3.3.1 Data Pre-Processing and its Necessity
After collecting data from database it goes through several processes because data present in the databases are often raw, noisy, incomplete or inconsistent due to these reasons data cannot be used directly for mining process because it may produce unsatisfactory mining result. In order to enhance the classification result, a pre-processing step is initiated as an essential step before mining the data. It usually includes following methods such as data cleaning, data integration, data transformation, dimensionality reduction and so on [11]. Data pre-processing technique significantly improves the quality of data, performance of the classification model and minimizes the time required for actual mining.

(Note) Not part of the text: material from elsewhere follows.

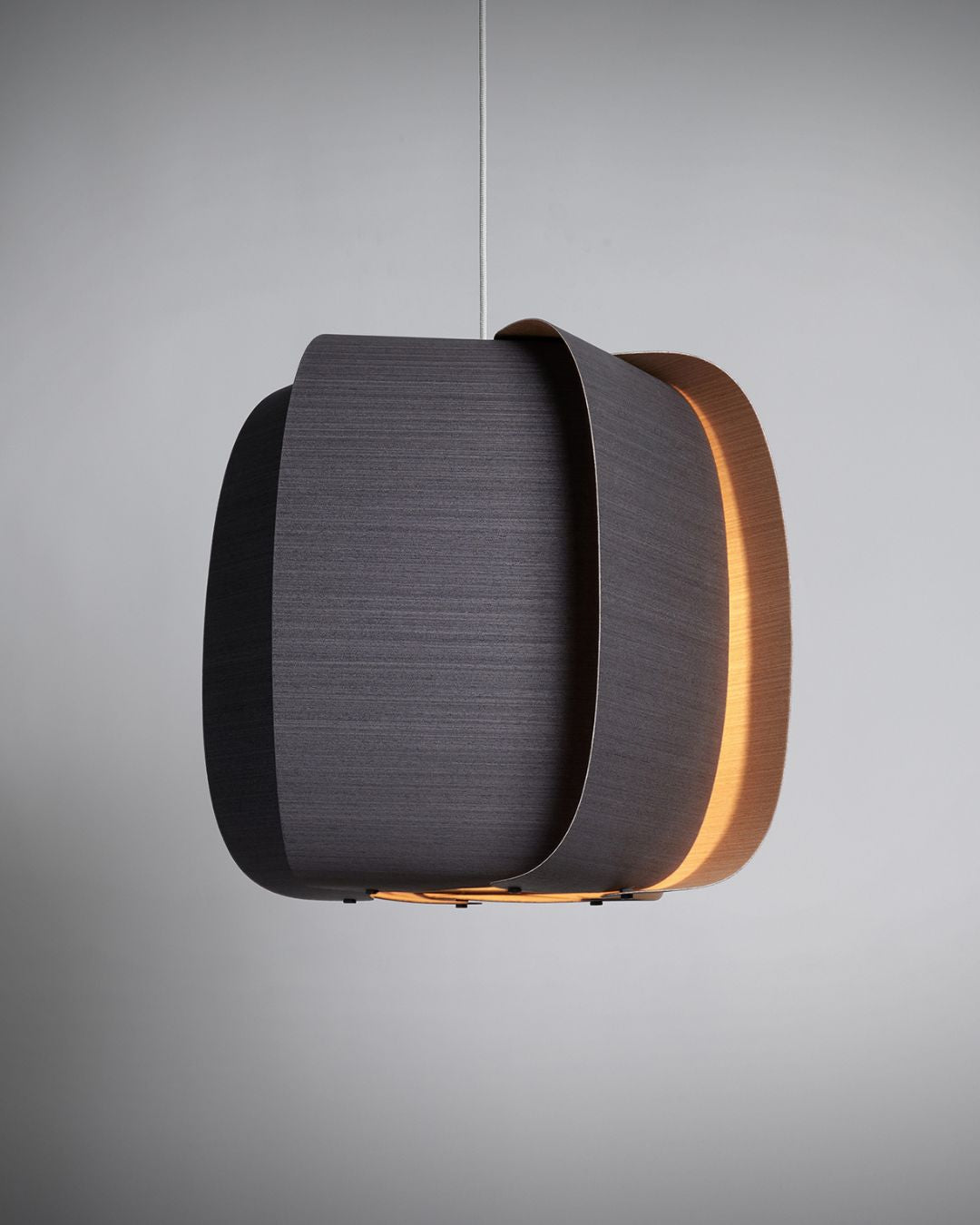Curved Japandi Wood Pendant in large size and ebony finish on grey background

We will address some of the problems which need to be solved to achieve better classification result. It involves cleaning of noisy data, missing data, duplicate data, etc. from the database to smoothly conduct the classification process. Noisy data refers to the unnecessary information available in the dataset which is meaningless and cannot be interpreted by machines. It can also be called corrupt data. Presence of these data can affect the data preparation process. To smooth the noisy data binning, clustering, regression methods can be used or can simply be deleted from large datasets based on the amount of noise present [11, 12]. Another biggest problem in biological data is the absence of values. In complex biological datasets this issue greatly impacts the performance of accuracy of the model. So to handle missing values various imputation techniques have to be used [12]. Data duplication are ongoing data quality problem testified in diverse domains, including health care, business and molecular biology, etc. [13] Presences of duplicate data leads to data inconsistency and redundancy which produces several consequences in classification problem. This issue can be handled by detecting and eliminating duplicate values.
Biological data may contain thousands of features because they are highly dependent on comparing the behavior of various biological units. These data often contains large amount of irrelevant data which affect the classification accuracy and machine learning efficiency [14]. Dimensionality reduction technique focuses on reducing the number of input features which aids to reduce computation time and redundant data. Dimensionality can be reduced using different method such as Linear Discriminant Analysis (LDA), Principal Component Analysis (PCA), feature selection, etc.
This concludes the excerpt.